**What is needed**
Would you please copy only the lines from the line that contains "ゆうたくん、ゆうたちゃん、ゆ" to the end of the data below, exactly, leaving every picture out?

**Input data**
━━━━━━━━━━━━━━━━━━━━━━━━━━━━━━

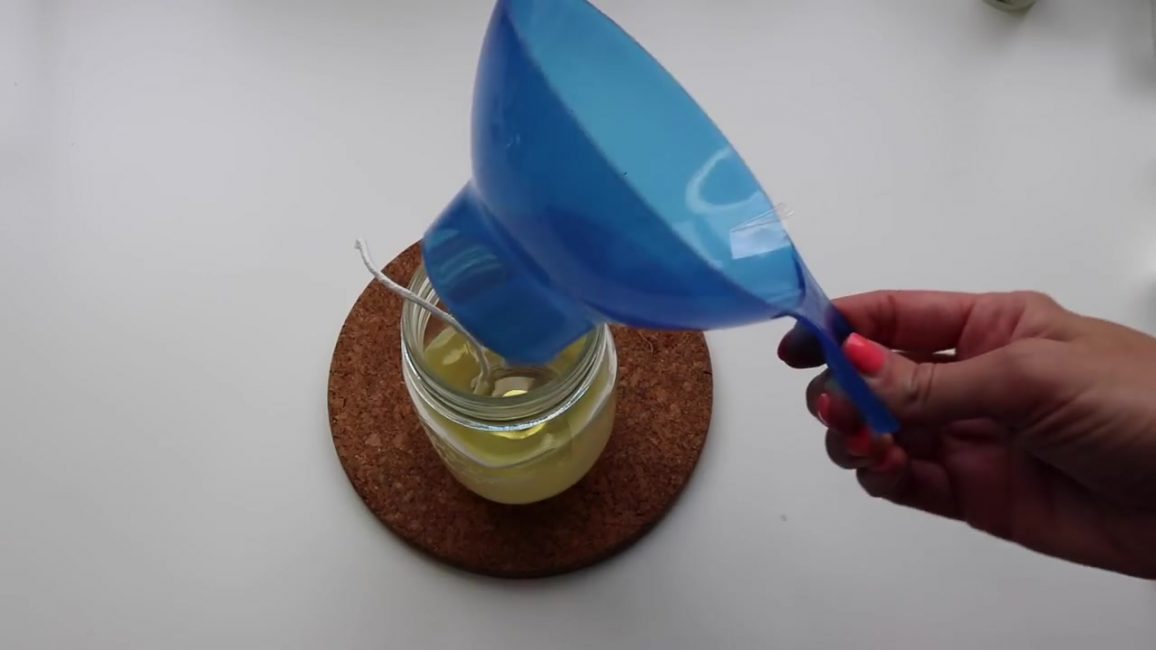 4. Налейте растопленный соевый воск в баночку. Старайтесь, чтобы фитиль был прямым, для этого можно его прижать палочками или зубочистками.
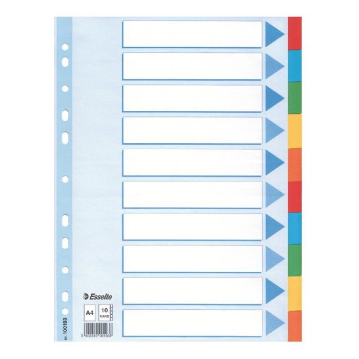 Celofarebný rozraďovač Esselte vyrobený z kartónu v rôznych farbách. Formát A4, eurodierovanie, popisovateľný titulný list na jasnú identifikáciu obsahu. Balenie jedna sada v polyesterovom sáčku. Väčšie balenie 10 sád.
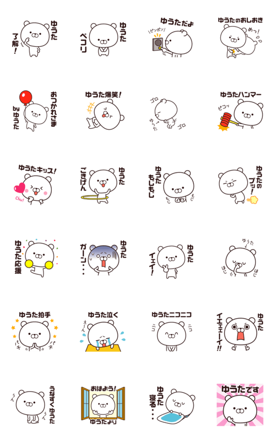 ゆうたくん、ゆうたちゃん、ゆうたさん専用の動く名前スタンプ。雄太、優太、裕太、悠太、祐太、勇太など、自分だけのスタンプです☆
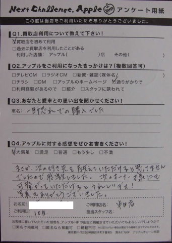 まさか、次の行き先を教えていただけると思ってませんでしたので感激しました。次のオーナー様にも可愛がっていただけるとうれしいデス!写真もありがとうございました。

━━━━━━━━━━━━━━━━━━━━━━━━━━━━━━

**Task result**
 ゆうたくん、ゆうたちゃん、ゆうたさん専用の動く名前スタンプ。雄太、優太、裕太、悠太、祐太、勇太など、自分だけのスタンプです☆
 まさか、次の行き先を教えていただけると思ってませんでしたので感激しました。次のオーナー様にも可愛がっていただけるとうれしいデス!写真もありがとうございました。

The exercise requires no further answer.